从今天开始,我再也不捉弄他,给他吃奇怪又难吃的东西了,我会对他好一点的。她在心里想着。
“若你真心想报答我的恩情,那就……”
“迎喜姐姐!迎喜姐姐!”突然,一个十二岁上下的孩子气喘吁吁的跑进来,满脸惊慌的打断了他的话。
“小冒?”崔迎喜转身看着他,“怎么了?”
“不好了,我家的牛生不下来,快死了!”小冒急得眼泪直掉。
“什么?!”她一听,立刻丢下戚仰宁三人,抓着她的医疗箱便拉着小冒跑了出去。
她前脚一走,戚仰宁立刻对姬无双使了个眼色。
姬无双颔首,即刻迈步尾随而去。
烛光如豆,室内幽暗,戚仰宁坐在床侧,两旁是柳无名、姬无双以及李无言,赵无垢则跪在他跟前。
戚仰宁浓眉微皱,无奈地道:“起来吧。”
“不,请主子降罪。”赵无垢抬起脸,一脸愧疚,“属下未能保护主子,还教主子受了如此重的伤,罪该万死,就算今日主子罪于我,董叔也会罚我的。”
“算了。”戚仰宁眉心一拧,“我说没事就是没事,这伤又要不了我的命。”他下意识的看了看那被妥善包扎的手臂。
“无垢,”柳无名说道:“主子既然不怪你,你也别往心里去了,快起来说话吧。”
“不,无垢该死,竟然误伤主子。”赵无垢脸上满是自责。
“你都说是误伤,自然情有可原。”戚仰宁脸一沉,“本侯命你立刻起来说话。”
迎上他足以震慑人心的眸光,赵无垢心头一震,犹豫了一下,慢慢的站起身来。
他便是白天攻击崔迎喜的黑衣人,之所以会假扮成神医的仇家攻击她,只因主子之命。
而戚仰宁要他如此做的目的有两个。
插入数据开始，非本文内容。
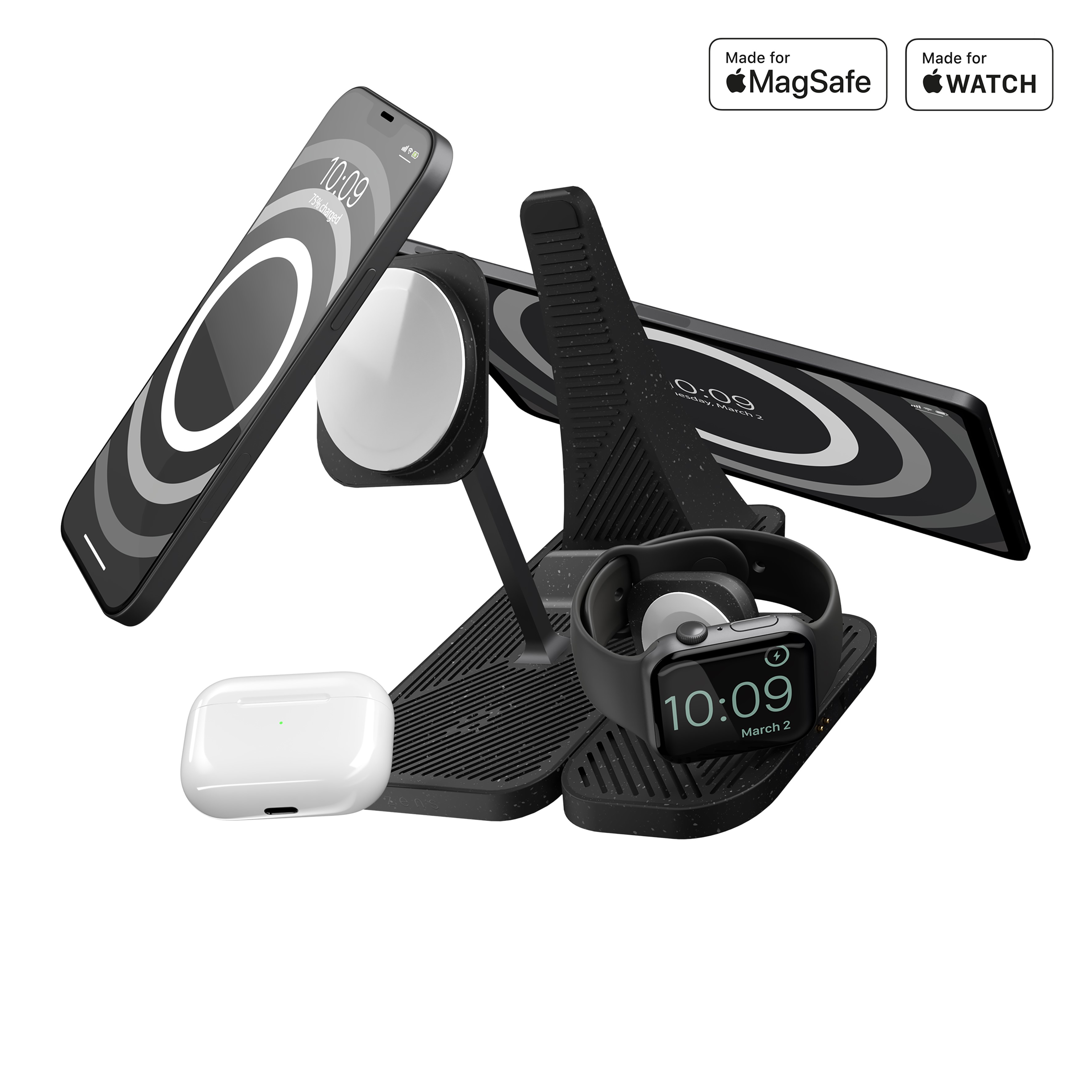 Der aus recyceltem Kunststoff gefertigte Ladeständer ist eine umweltfreundliche Wahl, die keine Kompromisse bei der Leistung eingeht. Im Lieferumfang ist ein 40 cm langes USB-C-auf-USB-C-Kabel enthalten, das MagSafe-kompatibel ist und so eine sichere Verbindung und erhöhten Komfort bietet. Egal ob im Hoch- oder Querformat, die Ladestation hält Geräte zugänglich und sorgt für einen übersichtlichen Platz.

一是为了教训一下老是在捉弄他,把他当三岁孩子呼喝的崔迎喜;二是为了教崔迎喜在他跳出来英雄救美之后对他感激不尽,自此好生对待着。
可没想到羊咩咩竟会冲出来攻击,教经过长期训练,遇佛杀佛的赵无垢本能的向羊咩咩挥刀。
戚仰宁只是要吓唬崔迎喜,没打算闹出人命或羊命,所以才会在当下直觉反应的出手保护羊咩咩,导致自己受伤。
不过也正因为受了伤,才得以见识到崔迎喜那令人惊艳的医术。
稍早他要姬无双暗中尾随她去小冒家,姬无双回来后禀报崔迎喜十分镇定,不慌不忙的安抚了难产的母牛,并助其有惊无险的产下了一头小牛。
他对崔迎喜真是越来越好奇了。
“无垢,你这次说不定立了个大功。”他眼中问过异采。
闻言,四人疑惑的看着戚仰宁。
“若不是挨了这一刀,我还不知道那丫头有这等惊人医术。”他唇角一勾,“我要得到她。”
此话一出,四人不禁瞪大了眼睛,惊疑不定的看着他。
“主子,您是说……”柳无名眉心一拢。
戚仰宁睇见四人的表情,知道他们误会了他的意思,不以为然的哼笑,“你们都想到哪儿去了?那粗野丫头岂能入得了我的眼?”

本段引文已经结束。